» **TASK INSTRUCTIONS**
Quote the records in full and leave their pictures out.

*** RECORDS PROVIDED Section Begins ***

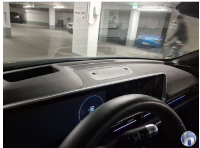
4. Innenraum Verschmutzt - Reinigen
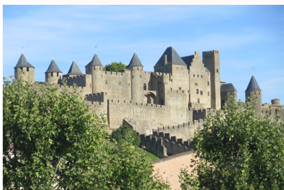
Castillo de Carcassonne
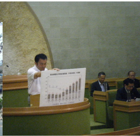
定例会にて代表質問に立つ
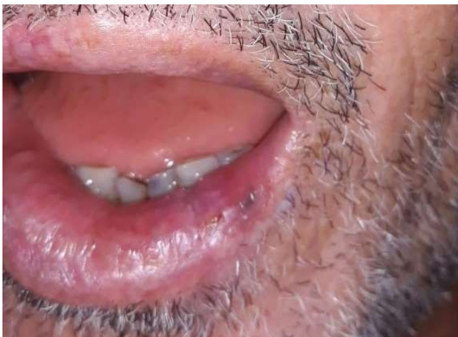
Figura 4: Aspecto final, após 15 dias da cirurgia.
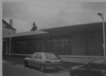
Parking de la médiathèque
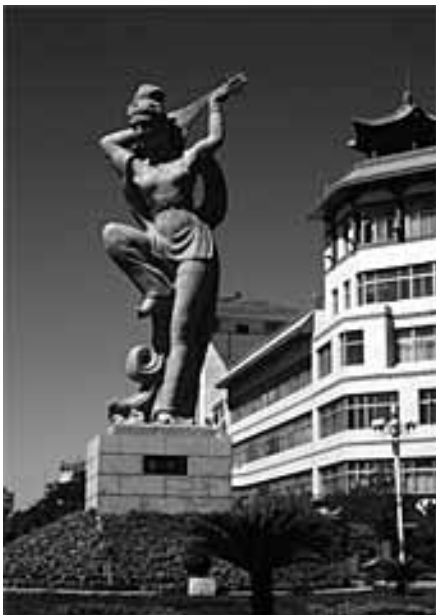
Absara, Wahrzeichen von Dunhuang/Gansu

Der Referent hat zwischen 1999 und heute mehrfach China bereist und gibt an diesem Abend Eindrücke und Informationen von seiner jüngsten Reise 2010 quer durch Chinas Norden. Zwei „rote Fäden“ sind die „Seidenstraße“ und die „Große Mauer“. Der Weg führt von Peking bis zum Westende in der Wüste, dem „Großen Durchlass unter dem Himmel“. Zu manchen Teilthemen werden auch die aktuellen Bilder solchen von vor 10 Jahren gegenübergestellt, wie überhaupt gezielt Kontraste aufgezeigt werden.
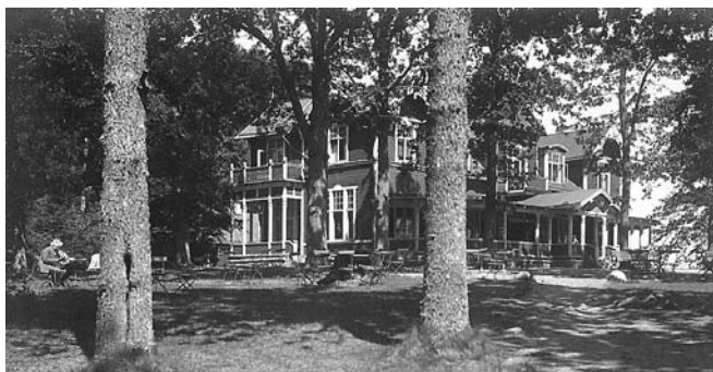
I Skäralid, tid för vila och rekreation.

I september samma år har man övertagit besittningsrätten för tomten i Skäralid. Man sparar inte på kostnaderna. En faktura från Mönlycke Manufaktur AB på 10.171 (572 000) skvallrar om att man valde bästa kvalitet till inredningen i Skäralid. År 1912 friköper man marken med tillhörande skog från Majors-
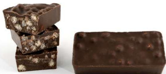
CHOCOLATE NEGRO CRUJIENTE
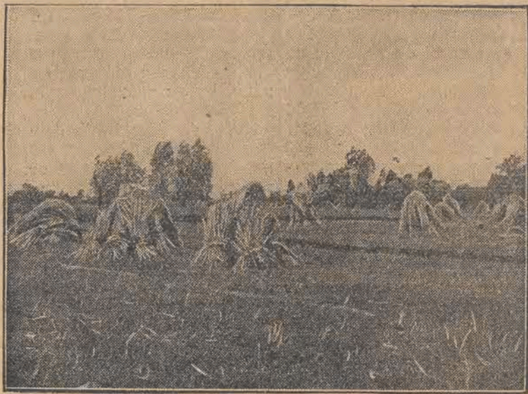
Mimo zmiennej pogody tegoroczne zniwa są już na ukończeniu. Urodzaje wypadły niezłe, maki zagranicznej sprowadzać nie będziemy.
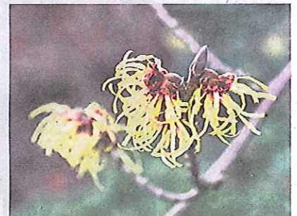
Fusselig und schön: Chinesische Zaubernuss.
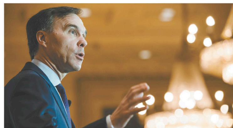
Le ministre Morneau avait annoncé en décembre des modifications à sa controversée réforme fiscale. Ces mesures sont entrées en vigueur le 1 er janvier.

Le ministre Morneau avait annoncé en décembre des modifications à sa controversée réforme fiscale qui visaient
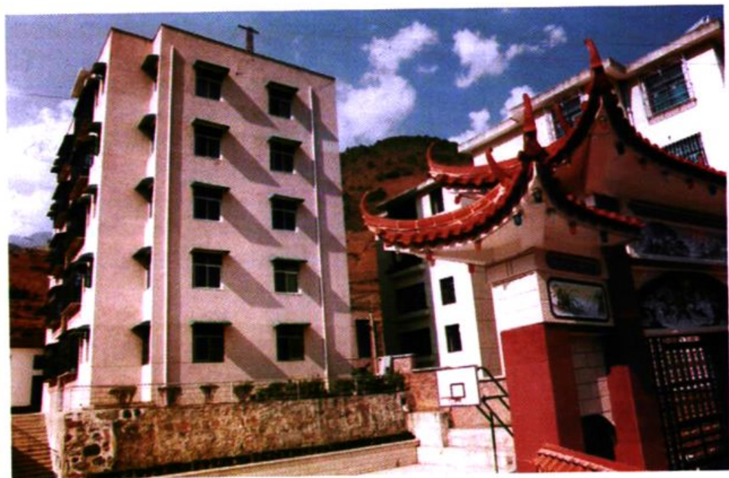
干部职工住宅区一角

*** RECORDS PROVIDED Section Ends ***

» **RESULT OF THIS EXERCISE**
4. Innenraum Verschmutzt - Reinigen
Castillo de Carcassonne
定例会にて代表質問に立つ
Figura 4: Aspecto final, após 15 dias da cirurgia.
Parking de la médiathèque
Absara, Wahrzeichen von Dunhuang/Gansu

Der Referent hat zwischen 1999 und heute mehrfach China bereist und gibt an diesem Abend Eindrücke und Informationen von seiner jüngsten Reise 2010 quer durch Chinas Norden. Zwei „rote Fäden“ sind die „Seidenstraße“ und die „Große Mauer“. Der Weg führt von Peking bis zum Westende in der Wüste, dem „Großen Durchlass unter dem Himmel“. Zu manchen Teilthemen werden auch die aktuellen Bilder solchen von vor 10 Jahren gegenübergestellt, wie überhaupt gezielt Kontraste aufgezeigt werden.
I Skäralid, tid för vila och rekreation.

I september samma år har man övertagit besittningsrätten för tomten i Skäralid. Man sparar inte på kostnaderna. En faktura från Mönlycke Manufaktur AB på 10.171 (572 000) skvallrar om att man valde bästa kvalitet till inredningen i Skäralid. År 1912 friköper man marken med tillhörande skog från Majors-
CHOCOLATE NEGRO CRUJIENTE
Mimo zmiennej pogody tegoroczne zniwa są już na ukończeniu. Urodzaje wypadły niezłe, maki zagranicznej sprowadzać nie będziemy.
Fusselig und schön: Chinesische Zaubernuss.
Le ministre Morneau avait annoncé en décembre des modifications à sa controversée réforme fiscale. Ces mesures sont entrées en vigueur le 1 er janvier.

Le ministre Morneau avait annoncé en décembre des modifications à sa controversée réforme fiscale qui visaient
干部职工住宅区一角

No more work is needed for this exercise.